So, yeah, again it's memory_order_release.

So, the use-case i most care about, parallel_reduce, appears to use memory_order_release and memory_order_acquire. I believe that's RCpc (not RCsc, not relaxed). The one memory order that i was hoping to leave out.

And it makes sense, because Relaxed doesn't sync at all, and SC is global; RCpc is local and yet provides some synchronization, so i can see how it could be useful.

---

so can i leave out relaxed? lets look at http://rsim.cs.illinois.edu/Pubs/msinclair-thesis.pdf again, section 3.3 3.3 Relaxed Atomic Use Cases and DRFRlx Model.

let's see.. Unpaired Atomics Use Case :: Work Queue sounds useful. Here one thread is checking if another thread has put anything in its mailbox. Until there is something in the mailbox, there is no need to sync.

The given Commutative Atomics use case is an event counter, which i'm not sure if i care about, although i still feel like it could be useful for parallel reduce. The Non-Ordering Atomics use-case is in some ways similar to the previous, although i guess it's different, and i guess i care about it.

Speculative Atomics uses sequence numbers and hence is either not usable in all situations or is not 100% deterministically safe (what if the sequence number wraps around...). So i don't really care for this case.

The quantum case may be a bit too far, as pointed out in http://altair.cs.oswego.edu/pipermail/memory-model-design/2018-July/000089.html and quoted above. Also, it requires significantly complicating the formal model.

So it looks like, if i don't need speculative or quantum, i can stick with DRFrlx Formal Definition (Version 2) on page 61 after the section on non-ordering.

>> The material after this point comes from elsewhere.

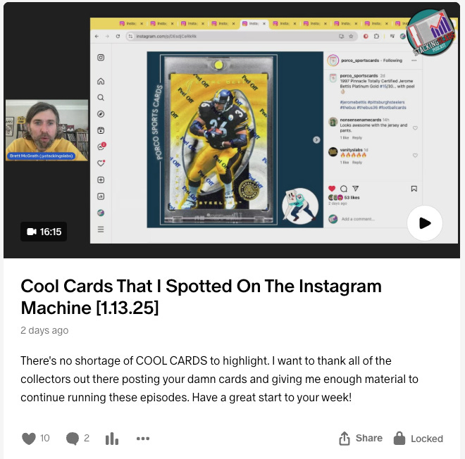 The best way to show your support for Stacking Slabs is to join the damn Patreon community. I’m putting on new content every day in the Patreon. I love doing Cool Cards. It’s my opportunity to scour everything that has been posted on Instagram for the week, pick 10 cards, and talk about them. You can join the Patreon today and start accessing all the new and existing content. I appreciate your support!

So, looks like, unsurprisingly, Relaxed may be useful.

---

So i don't think i want to give up much of C/C++'s memory_consistency_model. So i have:

all memory_orders except for memory_consume
except in relaxed memory_order, acquires on loads, releases on stores, both on RMWs.
FENCE memory_domain is seq_cst

lw: non-atomic load lw.a: atomic load (SC). C atomic_load(memory_order_seq_cst) (RCsc) lw.a.rc: atomic load (release consistency). C atomic_load(memory_order_acquire) (RCpc) lw.a.rlx: atomic load (relaxed). C atomic_load(memory_order_relaxed) ... and the matching stores ... cas: C atomic_compare_exchange_weak(memory_order_seq_cst) cas.rc: C atomic_compare_exchange_weak(memory_order_acq_rel) cas.rlx: C atomic_compare_exchange_weak(memory_order_relaxed) and, not sure if i need this next one, but possibly: fence(memory_domain): C atomic_thread_fence(memory_order_seq_cst) (strengthened as per http://www.open-std.org/jtc1/sc22/wg21/docs/papers/2018/p0668r5.html , section 'Strengthen SC fences') with an extra memory_domain argument indicating which shared memory domain to sync

(that's 12 instructions in total)

---

actually https://en.wikipedia.org/wiki/Release_consistency claims that RCpc is sufficient for DRF? http://pages.cs.wisc.edu/~markhill/theses/sarita_adve.pdf seems to me to disagree but i'm not sure i'm understanding correctly; he says "two flavors of release consistency(RCsc and RCpc)" and "A variant of release consistency where special accesses are sequentially consistent is also proposed [GLL90]. This modelis abbreviated as RCsc, while the model with processor consistent special accesses is abbreviated as RCpc. Gharachorloo et al. identify a set of software constraints for which a system that obeys RCsc appears sequentially consistent. Programs that obey these constraints are called properly labeled (PL) programs."

---

this thesis deals with giving a DRF-like result for RCpc (see the part about 'PLpc2'):

http://pages.cs.wisc.edu/~markhill/theses/sarita_adve.pdf

it'd good but imo complicated. i guess DRFrlx probably shares the same problem.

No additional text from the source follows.